WHAT THE TASK REQUIRES: From the first line to the last, output the data exactly as it stands, minus its pictures.

STORED DATA:

━━━━━━━━━━━━━━━━

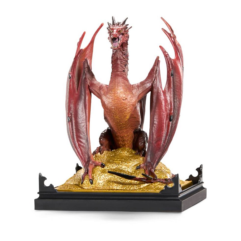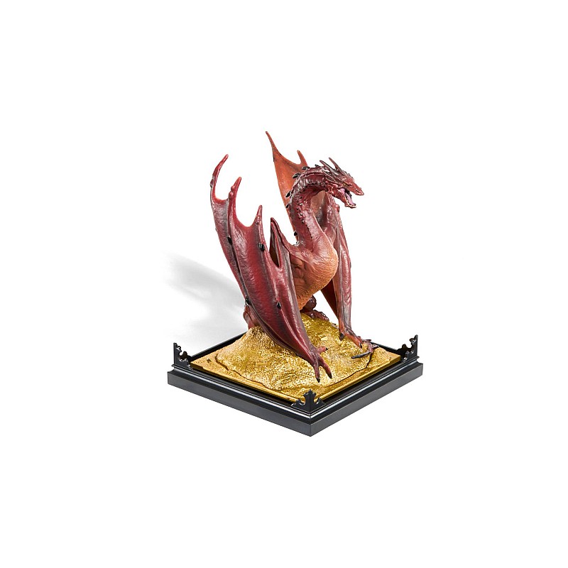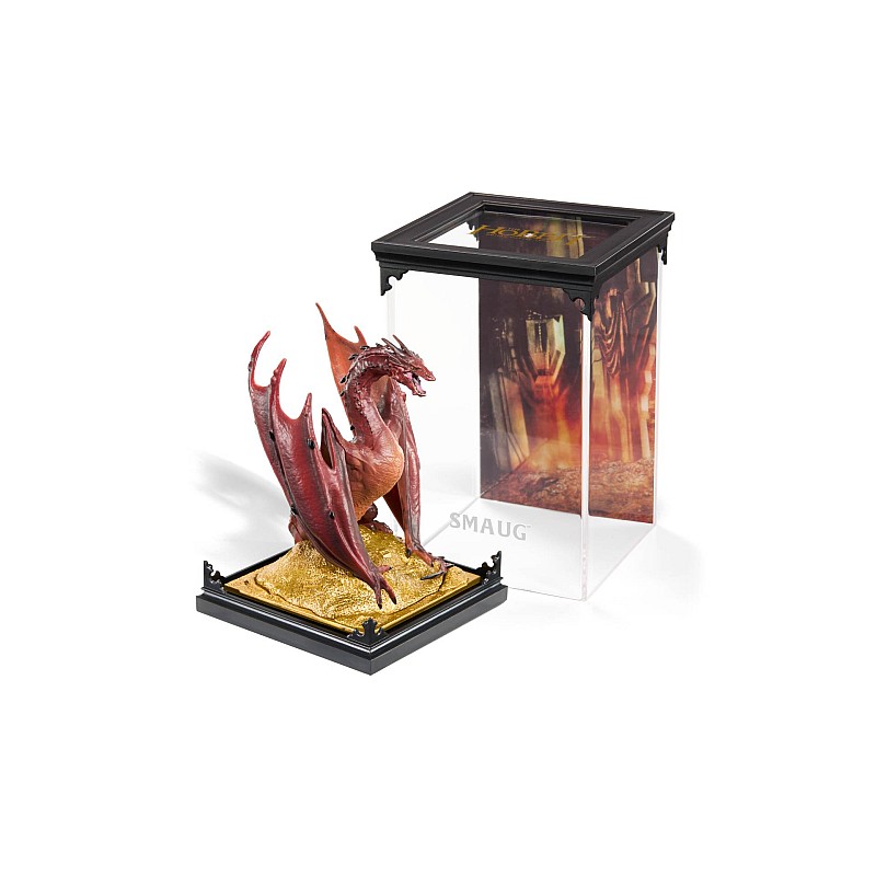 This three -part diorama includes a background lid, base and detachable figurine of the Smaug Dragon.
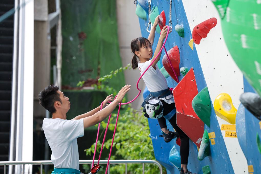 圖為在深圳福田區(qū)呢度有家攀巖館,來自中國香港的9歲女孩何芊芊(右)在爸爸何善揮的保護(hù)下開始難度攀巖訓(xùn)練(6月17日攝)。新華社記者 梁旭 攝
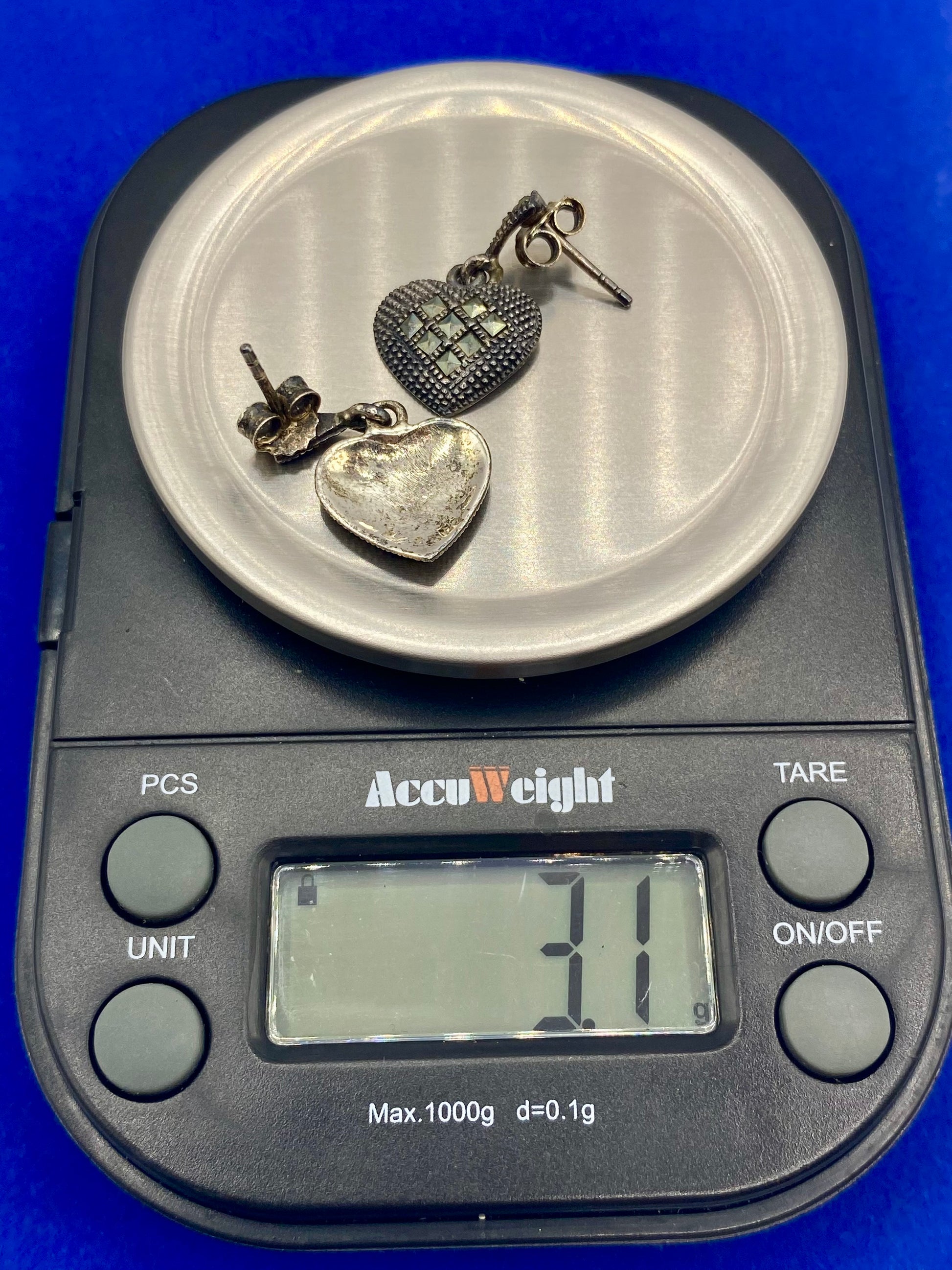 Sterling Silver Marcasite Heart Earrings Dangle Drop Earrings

━━━━━━━━━━━━━━━━

WRITTEN ANSWER:
 This three -part diorama includes a background lid, base and detachable figurine of the Smaug Dragon.
 圖為在深圳福田區(qū)呢度有家攀巖館,來自中國香港的9歲女孩何芊芊(右)在爸爸何善揮的保護(hù)下開始難度攀巖訓(xùn)練(6月17日攝)。新華社記者 梁旭 攝
 Sterling Silver Marcasite Heart Earrings Dangle Drop Earrings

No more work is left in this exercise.